## DATA LISTING:
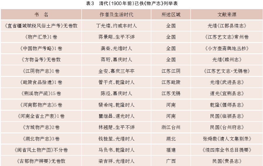 到了清朝,《物产志》的创作特为兴盛。《中国农业古籍目录》著录的主要是1900年之后的作品,实则不独步入近代社会之后,清朝前中期已有不少《物产志》问世了,只是大多已经亡佚,仅以存目的形式寄存在各地方志《艺文志》中,信息比较散乱隐晦。本文钩沉得13种(见表3),著述年代大约始自乾隆时期,降至光绪时期(1900年前)。从命名方式看,《物产志》是比较通行的名称,也作《土产志》《土产表》《方物考》《物产图》等;从涵盖地域来看,涉及江苏、河南、浙江、福建、江西、湖北等地,覆盖面较广,其中《直省疆域赋税风俗土产考》《物产汇录》《中国物产考略》《方物备要》等更是全国性质的物产专志;从创作时间来看,乾隆、嘉庆、道光、咸丰、光绪五朝中,每一时期都有《物产志》问世。上述几点均可看出清代前中期《物产志》创作之风的兴盛。
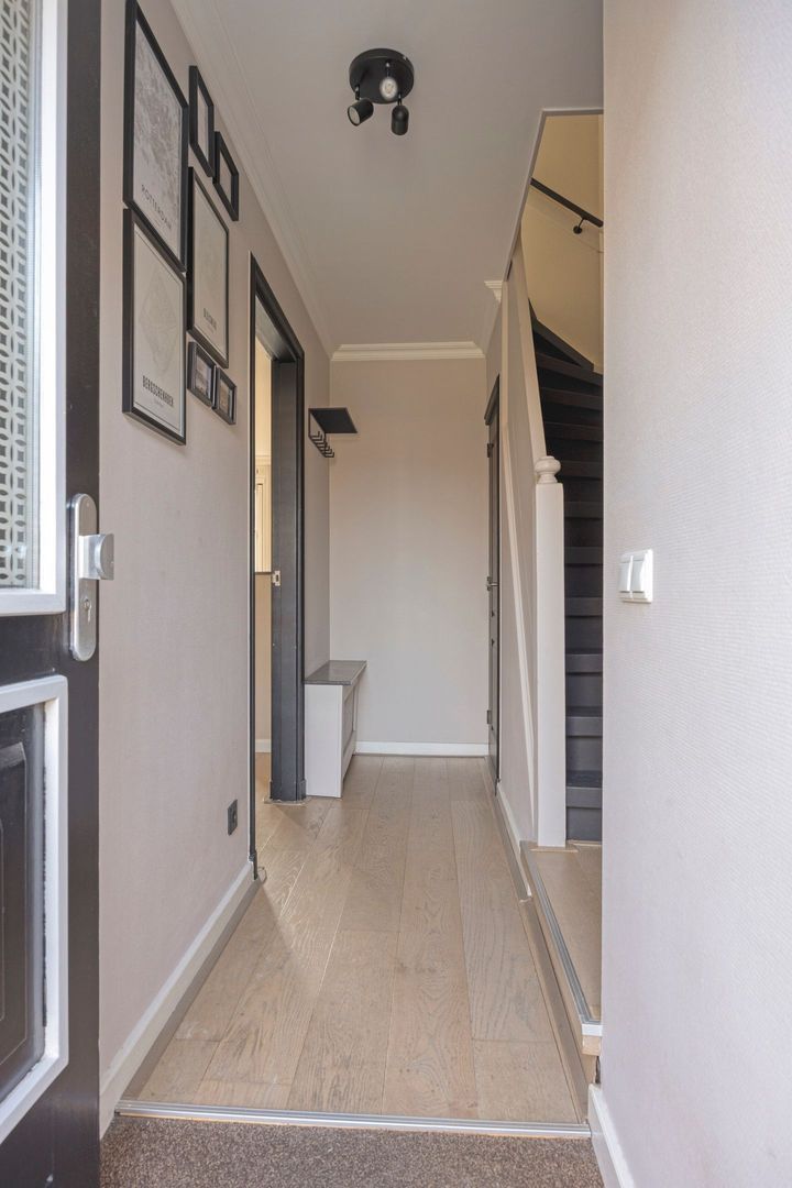 Entree, hal met toilet, trapopgang naar de eerste verdieping, trapkast met meterkast en toegang tot de woonkamer.
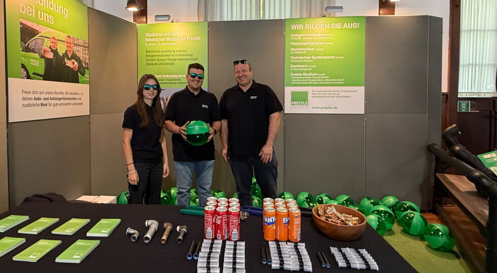 Am Prestle-Messestand werden durch unser Prestle-Ausbildungsteam die Berufe des Anlagenmechanikers für Sanitär-, Heizungs- und Klimatechnik (m/w), Flaschner (m/w), Kaufmann für Büromanagement (m/w), der technische Systemplaner (m/w) und der duale Studiengang techn. Gebäudeausrüstung/Gebäudeklimatik vorgestellt.
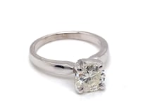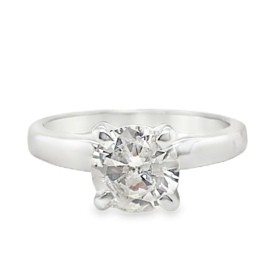 850-57018K white gold diamond solitaire ring. 4.5 grams. One round brilliant cut diamond, 1.25 carat, I3 clarity, JK color. Ring size 6.25.
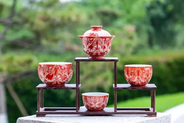 其中,粉彩錯金銀虎嘯鳳吟系列,是一件不可多得的佳器名品。整套茶具紋飾以館藏文物唐代金鳳飾件為設計靈感。金鳳雙翅展開,兩足蹬地,振翅欲飛的姿態生動逼真。在中國古代傳統文化中,鳳凰被視為瑞鳥,是鳥中之王。通過對金鳳飾件進行提取,設計出鸞鳥紋,鳳紋羽翼展開可合為院徽圖形,整體構成虎頭紋。茶具沿用藝林堂的粉彩工藝,采用錯金銀的呈現效果,不僅讓這只“鳳”更有“活性”,也讓器物更有精細感,正紅的底色也呈現出“紫禁紅”“中國紅”的極佳效果,在保留和傳播傳統文化的同時,也符合當下的審美需求。
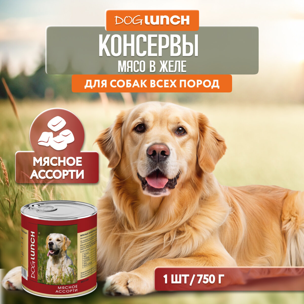 Консервы DOG LUNCH для собак мясное ассорти в желе 750г (Упаковка 12шт)

## YOUR INSTRUCTIONS:
Each entry above should be restated word for word, though no picture may appear in the copy.

## OUTPUT BELOW:
 到了清朝,《物产志》的创作特为兴盛。《中国农业古籍目录》著录的主要是1900年之后的作品,实则不独步入近代社会之后,清朝前中期已有不少《物产志》问世了,只是大多已经亡佚,仅以存目的形式寄存在各地方志《艺文志》中,信息比较散乱隐晦。本文钩沉得13种(见表3),著述年代大约始自乾隆时期,降至光绪时期(1900年前)。从命名方式看,《物产志》是比较通行的名称,也作《土产志》《土产表》《方物考》《物产图》等;从涵盖地域来看,涉及江苏、河南、浙江、福建、江西、湖北等地,覆盖面较广,其中《直省疆域赋税风俗土产考》《物产汇录》《中国物产考略》《方物备要》等更是全国性质的物产专志;从创作时间来看,乾隆、嘉庆、道光、咸丰、光绪五朝中,每一时期都有《物产志》问世。上述几点均可看出清代前中期《物产志》创作之风的兴盛。
 Entree, hal met toilet, trapopgang naar de eerste verdieping, trapkast met meterkast en toegang tot de woonkamer.
 Am Prestle-Messestand werden durch unser Prestle-Ausbildungsteam die Berufe des Anlagenmechanikers für Sanitär-, Heizungs- und Klimatechnik (m/w), Flaschner (m/w), Kaufmann für Büromanagement (m/w), der technische Systemplaner (m/w) und der duale Studiengang techn. Gebäudeausrüstung/Gebäudeklimatik vorgestellt.
 850-57018K white gold diamond solitaire ring. 4.5 grams. One round brilliant cut diamond, 1.25 carat, I3 clarity, JK color. Ring size 6.25.
 其中,粉彩錯金銀虎嘯鳳吟系列,是一件不可多得的佳器名品。整套茶具紋飾以館藏文物唐代金鳳飾件為設計靈感。金鳳雙翅展開,兩足蹬地,振翅欲飛的姿態生動逼真。在中國古代傳統文化中,鳳凰被視為瑞鳥,是鳥中之王。通過對金鳳飾件進行提取,設計出鸞鳥紋,鳳紋羽翼展開可合為院徽圖形,整體構成虎頭紋。茶具沿用藝林堂的粉彩工藝,采用錯金銀的呈現效果,不僅讓這只“鳳”更有“活性”,也讓器物更有精細感,正紅的底色也呈現出“紫禁紅”“中國紅”的極佳效果,在保留和傳播傳統文化的同時,也符合當下的審美需求。
 Консервы DOG LUNCH для собак мясное ассорти в желе 750г (Упаковка 12шт)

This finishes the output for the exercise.